Sin embargo, una lectura
atenta de sus principales obras revela un asidero social mucho menos
abstracto del que se presenta en el universo fabular del autor de El
proceso y una apuesta crítica impensable en el discurso
mediatizado por la filiación colonial de Joseph Conrad.
Para quien esto escribe,
el conocimiento de dos obras de Coetzee le permitió formarse una
opinión sólida acerca del carácter de una narrativa que va al
fondo de las cosas.
Esperando a los
bárbaros (1980) se convierte en una lectura inquietante por la
capacidad del escritor para sugerir las oscuras tensiones de un
sistema opresivo y asfixiante.
Escrita con una prosa
aparentemente fría y distante, en primera persona, esta es la
historia del jefe militar y político de un enclave fronterizo,
ubicado en los confines de un ficticio imperio, y de sus visiones
sobre el ejercicio del poder, el sometimiento y la anulación de las
voluntades ajenas.

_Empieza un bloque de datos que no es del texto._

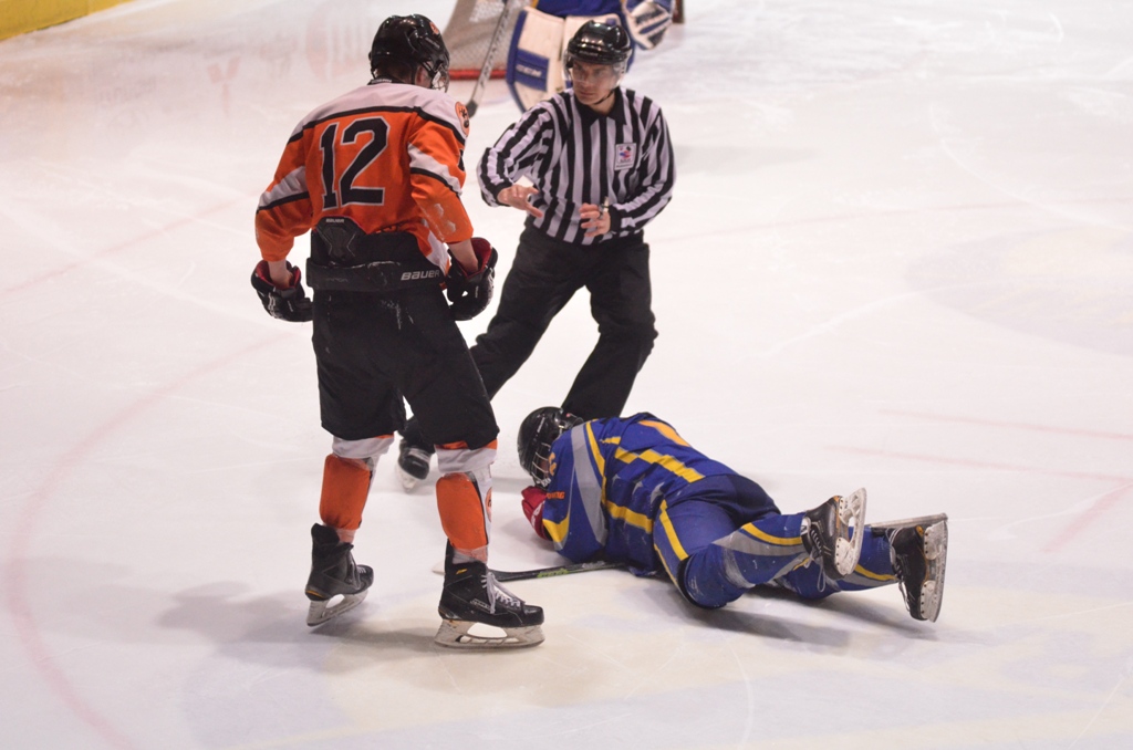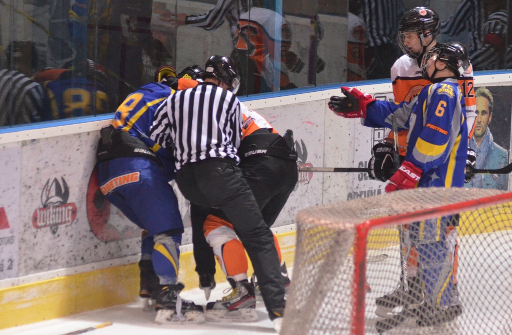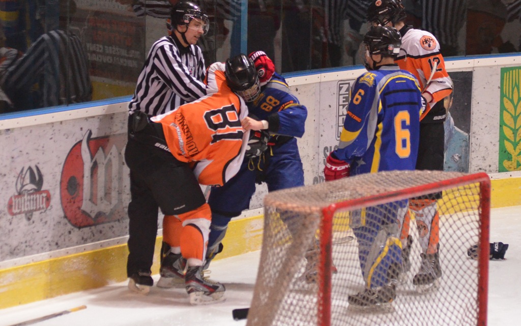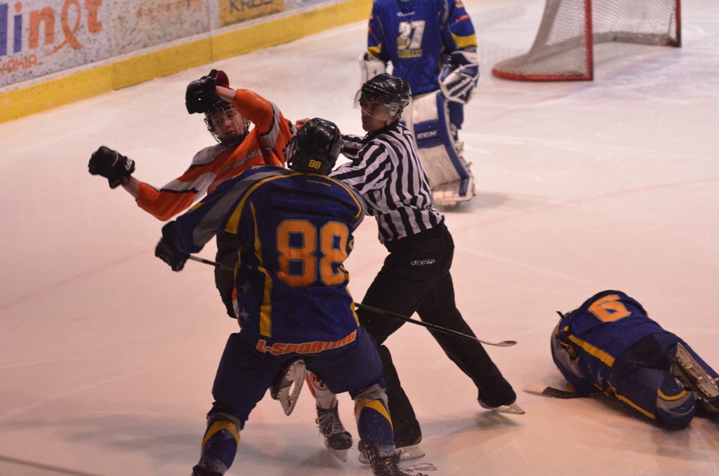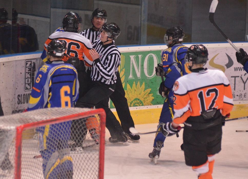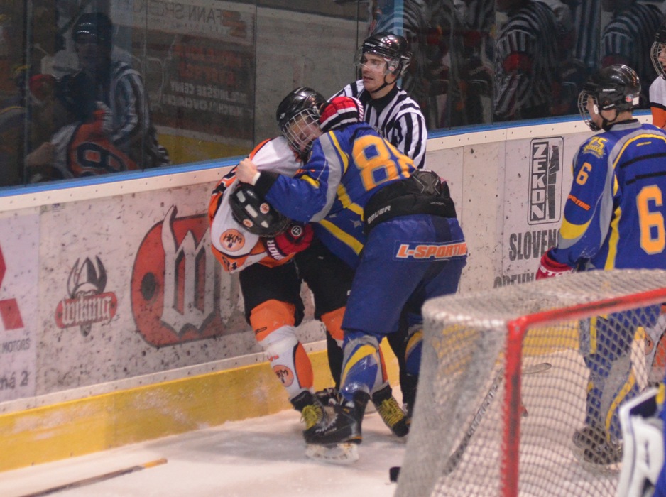 Vylúčení: 6:5, navyše Štenko 5+DKZ hrubosť - Benik 5+DKZ hrubosť. Presilovky: 3:0. Oslabenia: 0:0. Rozhodovali: Kalina - Riš, Janiga. Divákov: 910.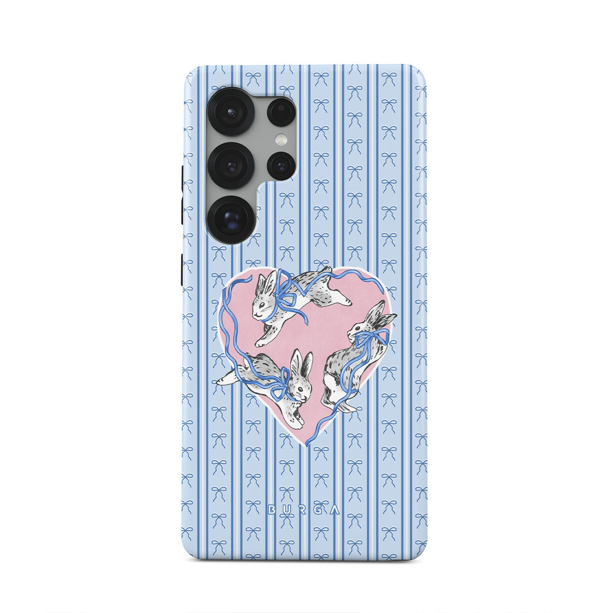 Este design contém: coelhos brancos, moldura de coração, riscas azuis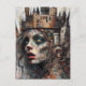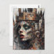A gorgeous woman with a castle on her head and some macabre elements like skulls in the scene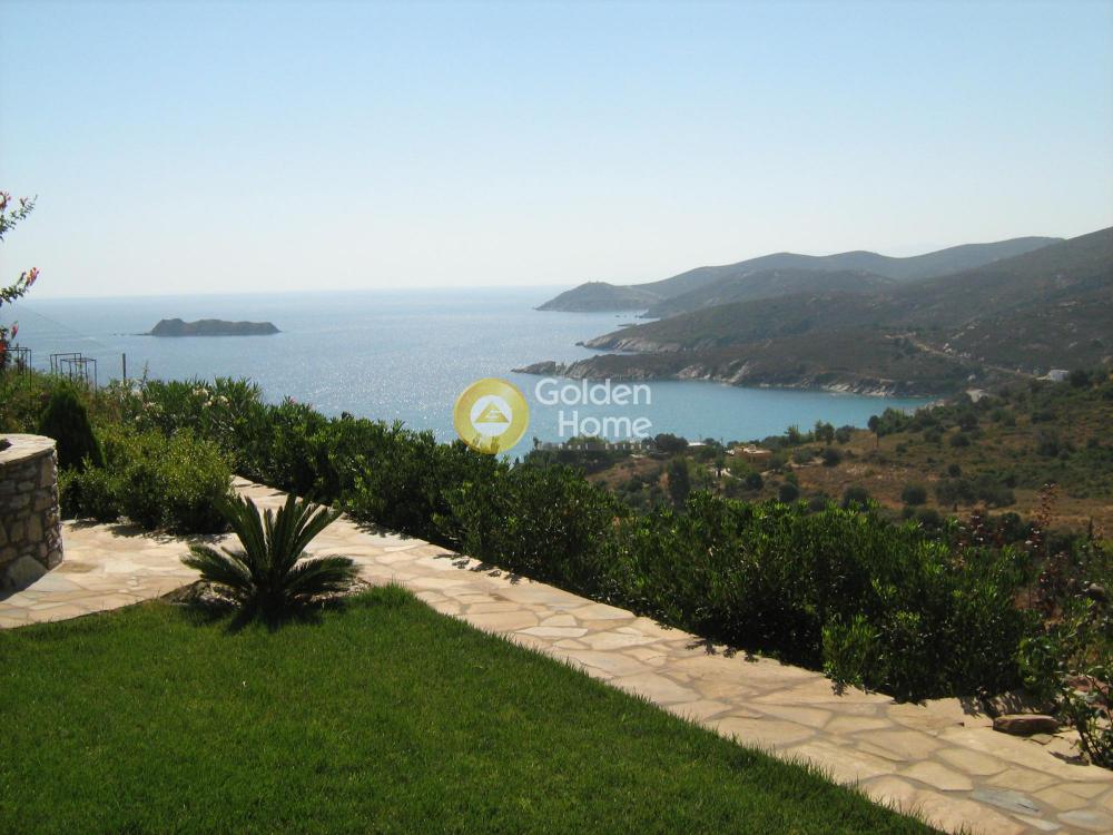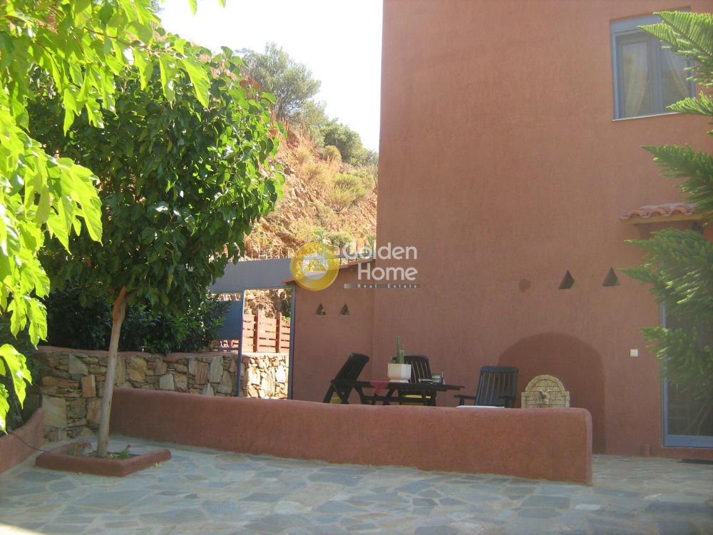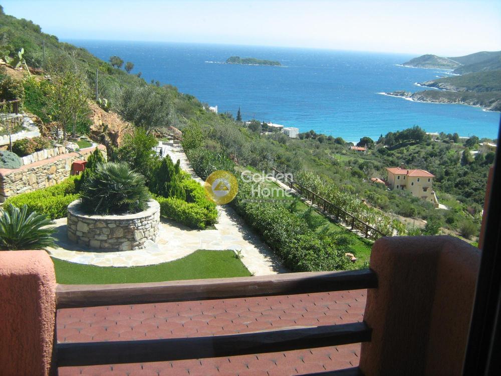 Exceptional villa for a long term lease , overlooking the Aegean. Situated in the eastern part of Evia near the villages of Petries and Ag. Apostoloi, two-floor country house with a magnificent view of the Aegean. One of 7 separate villas in an area of 8.100 m. of well-tended lawn and flower beds. It was built in 2010 and provides 78 sq.m. of useful space with living-room (with built-in sofas with storage capacity and powered fireplace), fully equipped kitchen and WC on the ground floor, 2 bedrooms (with white oak floors and balconies with sea views) and a bathroom on the 1st floor. It has got double-glazed windows with window screens, red tiled roofed patio, a storage room outside the house, BBQ facility, Laura Ashley furnishings throughout the house, air condition units in the bedrooms, parking area. It is a 130 km drive from Athens via Chalkida or a 90 km drive ftom Athens via Eretria ferry port.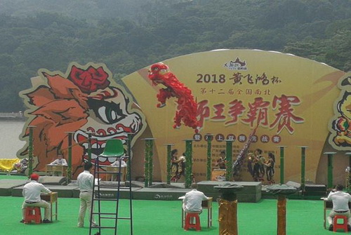 “黄飞鸿杯”狮王争霸赛是世界狮艺界传统的体育文化赛事,被誉为世界顶尖狮王争霸赛,称为世界狮王的NBA与超级狮王联赛。2018年4月29日至30日,“ 2018黄飞鸿杯”第十二届全国南北狮王争霸赛暨水上双狮挑战赛在美丽的广东省佛山市西樵山天湖公园举行。本次比赛由国家体育总局社会体育指导中心、中国龙狮运动协会、广东省佛山市南海区文化体育局、南海区西樵镇人民政府联合主办,南海区西樵山风景名胜区管理处、南海区武术龙狮体育协会共同承办,共有来自世界各地的19路狮王上演巅峰对决。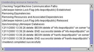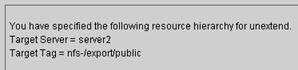 - An information box appears confirming the target server and the NFS resource hierarchy you have chosen to unextend.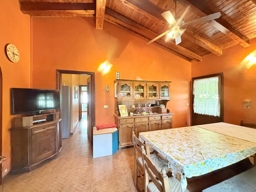 All’esterno, la villa è valorizzata da un grande portico privato che invita a trascorrere momenti all’aria aperta in ogni stagione, mentre al piano interrato trovano posto un ampio box doppio e una generosa cantina, perfetta come spazio di deposito o per ulteriori progetti. A completare la proprietà un terreno di circa 10.000 metri quadrati, arricchito da un orto privato e da uno chalet indipendente che regala una suggestiva vista panoramica sull’intera valle, creando un’atmosfera unica e riservata.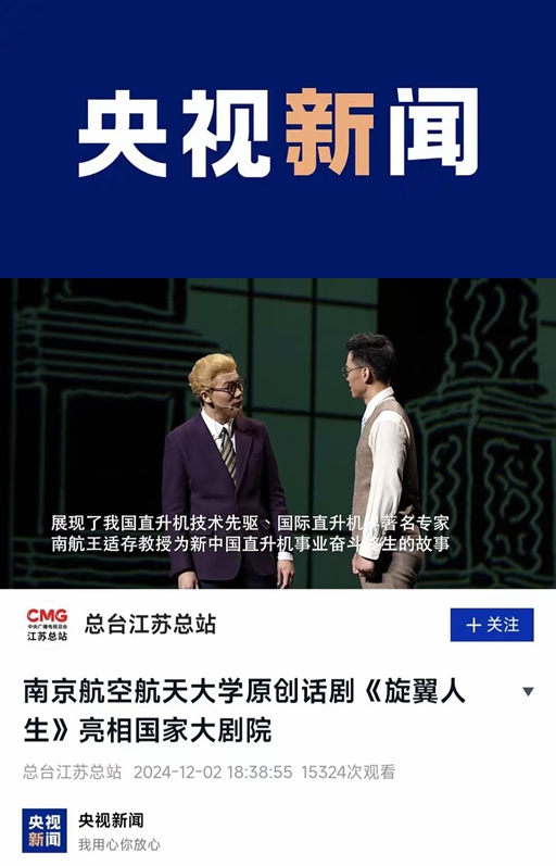 江苏新闻广播:beat365原创话剧《旋翼人生》在国家大剧院上演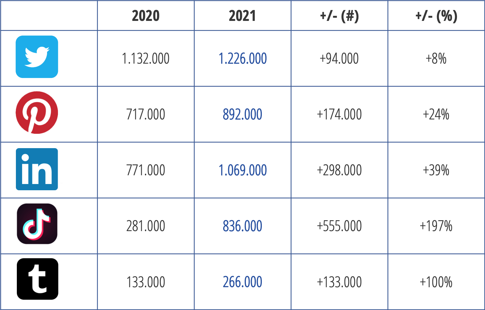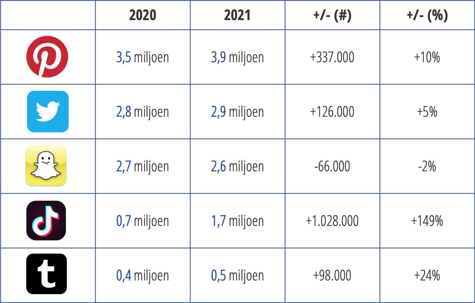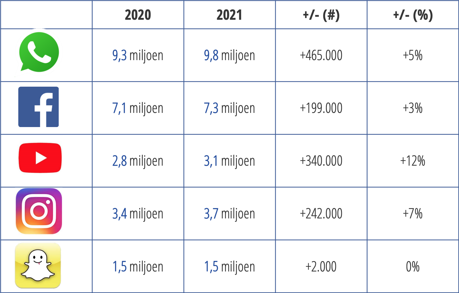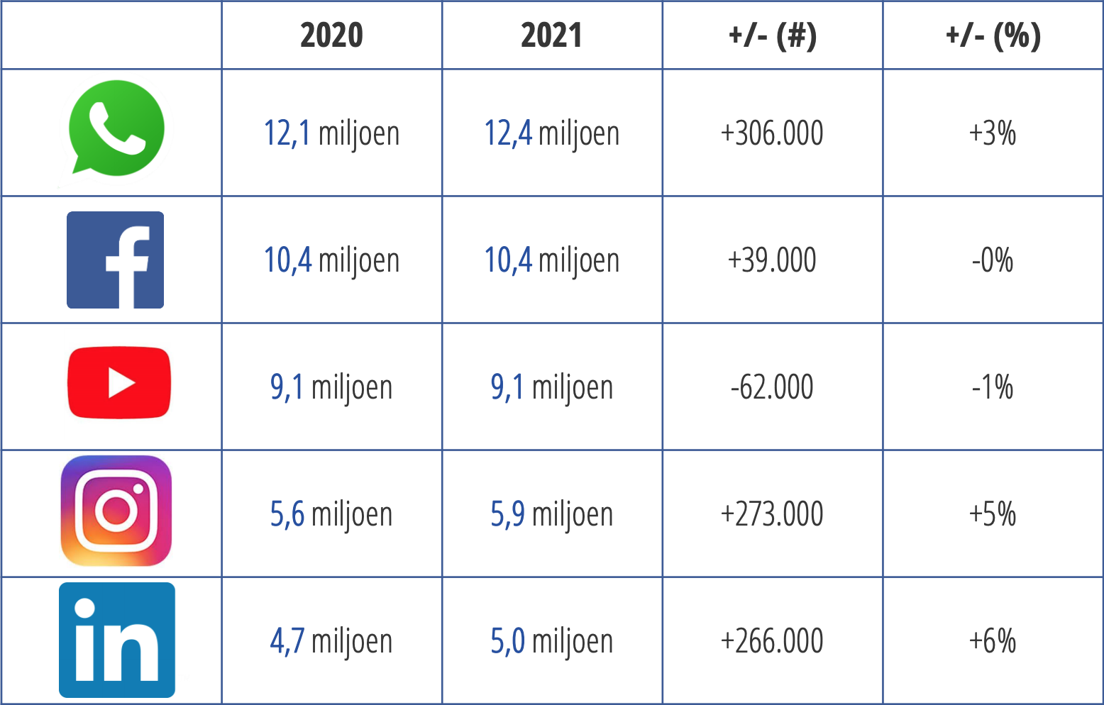 De grote platforms blijven stabiel of groeien heel lichtjes. WhatsApp lijkt in de cijfers geen last te hebben van de recente ophef over het verplicht datadelen met Facebook (dit gold niet voor Europese gebruikers, maar zorgde toch voor veel ophef). Het aantal WhatsApp-gebruikers groeide licht met 3 procent. Procentueel gezien groeien Instagram en LinkedIn van de grotere platforms het hardst. Het gebruik van Facebook en YouTube is gelijk aan dat van vorig jaar.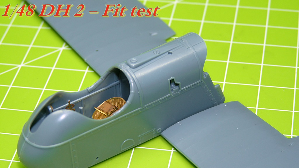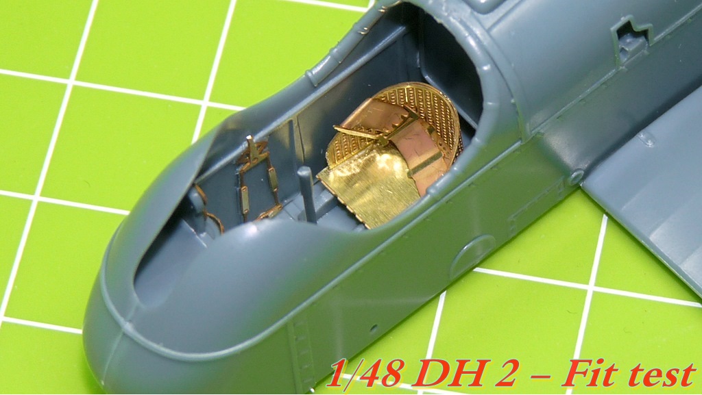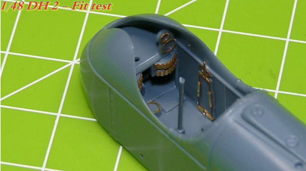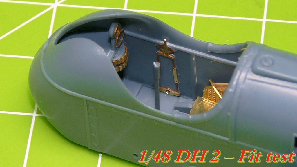 První jsem sestavil kokpit letounu. Ten je z části tvořen fotoleptanými díly (sedačka, rámečky přístrojů, ovládací prvky). Vše bez problémů pasovalo na své místo ve stavebnici, nebyly potřena žádné úpravy s výjimkou odstranění výlisků na vnitřní straně trupu a jejich nahrazení leptaným dílem.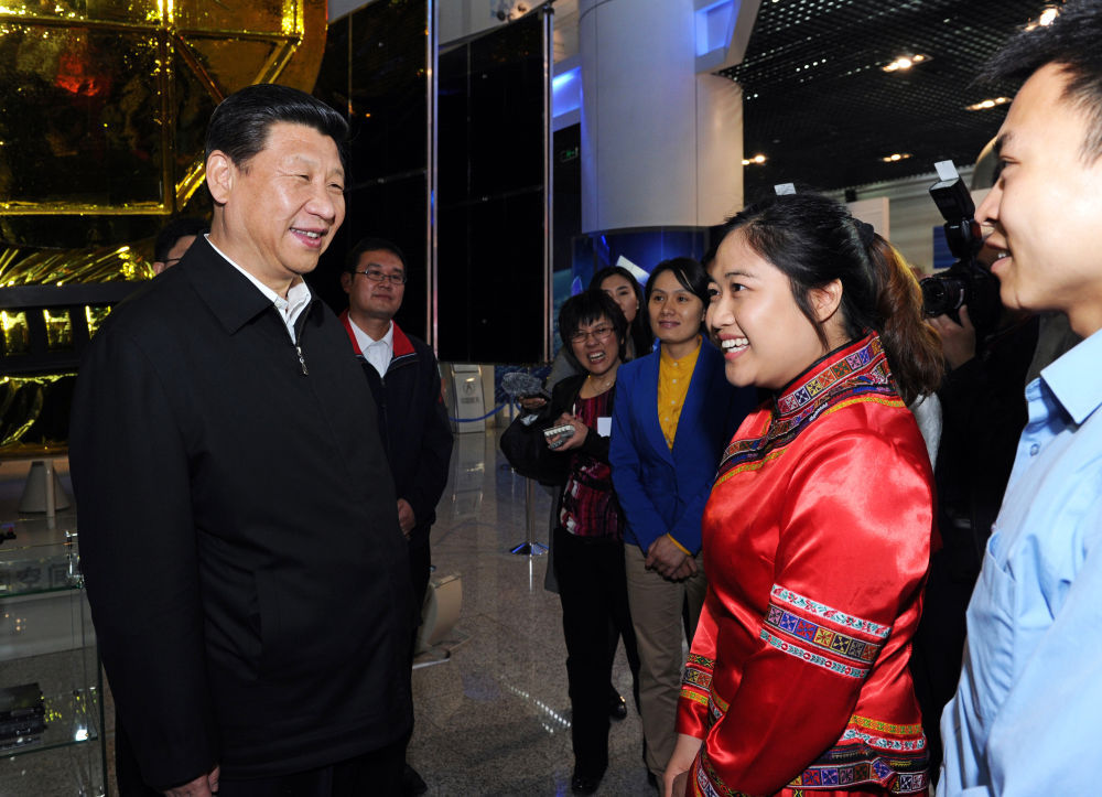 2013年5月4日,習(xi) 近平來到中國航天科技集團公司中國空間技術研究院,同各界優(you) 秀青年代表座談並發表重要講話。這是座談會(hui) 前,習(xi) 近平和在展廳參觀的優(you) 秀青年代表交談。

Detrás de la aparente intemporalidad y ubicuidad
espacial de la novela es fácil advertir una alusión al régimen
del apartheid, hecho que como veremos más adelante, suele ser
ignorado por los medios de comunicación hegemónicos en aras de
presentar a Coetzee como un autor desasido de su realidad inmediata.
Tres años después
ganó su primer premio Booker —el más publicitado galardón de
los escritores de la Mancomunidad Británica— con Vida y época
de Michael K. Quizá su título le haya valido el epíteto de
narrador kafkiano. O tal vez las circunstancias en que el
protagonista se ve inmerso en una serie de sucesos —ocupación
militar, persecuciones, vigilancia extrema— que no entiende. Pero
a diferencia de José K., este Michael K., agricultor que solo
quiere que le dejen en paz soñando con sus calabazas y viñedos, no
se rinde ni se siente aplastado, sino elude con una mezcla de
ingenio e ingenuidad los obstáculos.
Cierta crítica ha
querido enfrentar a J.M. Coetzee con Nadine Gordimer, la otra gran
sudafricana gratificada con el Nobel y activa luchadora
antiapartheid y, en general, por la justicia social. Un cable de
EFE, que si se rastrea bien saca sus opiniones del criterio
particular del redactor de una editorial española que ha publicado
parte de la obra del novelista, afirmaba que "la obra de Coetzee
(...) es de una compleljidad mucho mayor (que la de Gordimer) lo que
muchas veces lo lleva a ser menos `políticamente correcto' que
Gordimer y sus preocupaciones rebasan los límites de los problemas
sudafricanos".
Que J. M. Coetzee sea
oblicuo en su aprehensión de coordenadas políticas y sociales o
que viva, como lo ha hecho por largo tiempo, apartado de entrevistas
y consagrado a la docencia en su país, Estados Unidos y ahora en
Australia, no lo sitúa en las márgenes de la cultura humanista de
su entorno.
La Gordimer fue una de
las primeras en felicitar a su colega: "Estoy encantada, es un buen
amigo y un gran escritor. Creo que es genial". Tres años antes, en
un artículo publicado en La Jornada, de México, Carlos Fuentes
expresó: "Yo no sé si el Premio Nobel de Literatura, que ha tenido
tantos aciertos como errores, recaiga un día en J.M. Coetzee. Lo
merece sobradamente. Pero a la calidad de su obra le sobra todo
premio".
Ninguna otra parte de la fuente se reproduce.